◆ Stored dataset items:
• • •
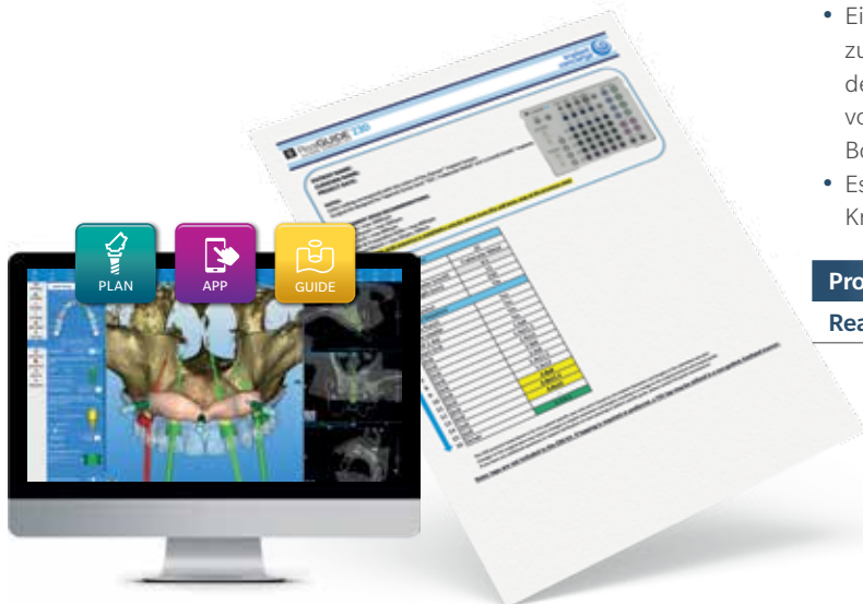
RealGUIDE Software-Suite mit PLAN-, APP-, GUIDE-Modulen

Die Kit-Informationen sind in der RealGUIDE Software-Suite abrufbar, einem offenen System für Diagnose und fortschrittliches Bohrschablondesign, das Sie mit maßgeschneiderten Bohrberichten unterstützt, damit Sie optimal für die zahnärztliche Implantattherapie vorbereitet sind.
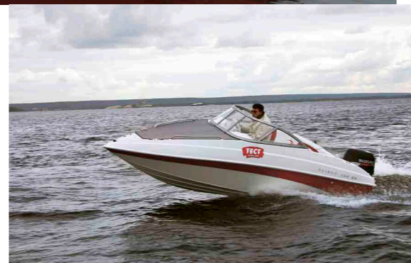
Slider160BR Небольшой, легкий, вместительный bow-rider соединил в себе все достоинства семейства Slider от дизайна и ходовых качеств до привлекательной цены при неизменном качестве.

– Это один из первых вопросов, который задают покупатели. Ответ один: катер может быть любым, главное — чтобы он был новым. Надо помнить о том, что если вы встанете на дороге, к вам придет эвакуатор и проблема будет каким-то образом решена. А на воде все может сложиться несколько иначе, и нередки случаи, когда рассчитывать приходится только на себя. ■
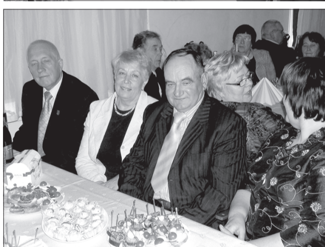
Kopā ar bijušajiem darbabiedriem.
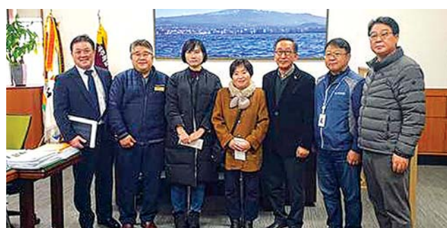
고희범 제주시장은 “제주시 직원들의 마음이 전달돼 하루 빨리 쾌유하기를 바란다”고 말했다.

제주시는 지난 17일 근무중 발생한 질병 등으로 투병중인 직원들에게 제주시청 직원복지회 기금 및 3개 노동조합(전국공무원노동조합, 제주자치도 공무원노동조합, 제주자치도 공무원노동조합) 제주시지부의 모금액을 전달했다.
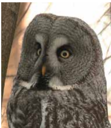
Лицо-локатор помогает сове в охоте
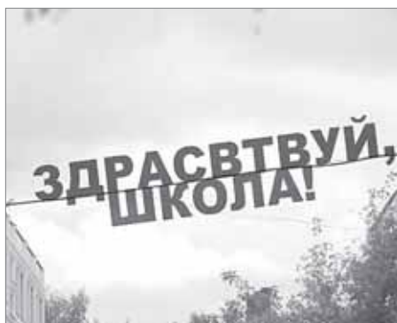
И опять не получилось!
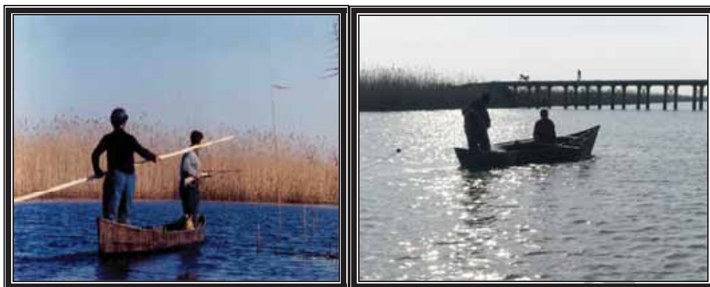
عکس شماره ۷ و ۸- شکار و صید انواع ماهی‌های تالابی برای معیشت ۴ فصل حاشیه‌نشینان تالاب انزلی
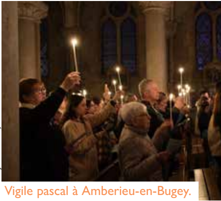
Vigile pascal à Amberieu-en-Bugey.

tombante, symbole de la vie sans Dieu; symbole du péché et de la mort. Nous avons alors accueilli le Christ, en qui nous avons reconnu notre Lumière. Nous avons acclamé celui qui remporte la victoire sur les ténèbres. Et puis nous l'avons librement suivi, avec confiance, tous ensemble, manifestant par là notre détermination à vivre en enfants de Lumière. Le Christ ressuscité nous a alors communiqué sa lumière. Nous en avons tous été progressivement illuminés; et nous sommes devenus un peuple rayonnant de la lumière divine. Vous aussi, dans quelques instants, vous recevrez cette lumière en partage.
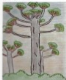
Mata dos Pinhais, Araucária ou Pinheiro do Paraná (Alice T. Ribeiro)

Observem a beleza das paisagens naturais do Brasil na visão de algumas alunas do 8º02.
• • •
◆ Problem requirements:
In the answer, give only the lines from the top of the data above through the line with "Slider160BR Небольшой, легкий, вместительный", reproduced exactly; no picture may appear.

◆ Reply:
RealGUIDE Software-Suite mit PLAN-, APP-, GUIDE-Modulen

Die Kit-Informationen sind in der RealGUIDE Software-Suite abrufbar, einem offenen System für Diagnose und fortschrittliches Bohrschablondesign, das Sie mit maßgeschneiderten Bohrberichten unterstützt, damit Sie optimal für die zahnärztliche Implantattherapie vorbereitet sind.
Slider160BR Небольшой, легкий, вместительный bow-rider соединил в себе все достоинства семейства Slider от дизайна и ходовых качеств до привлекательной цены при неизменном качестве.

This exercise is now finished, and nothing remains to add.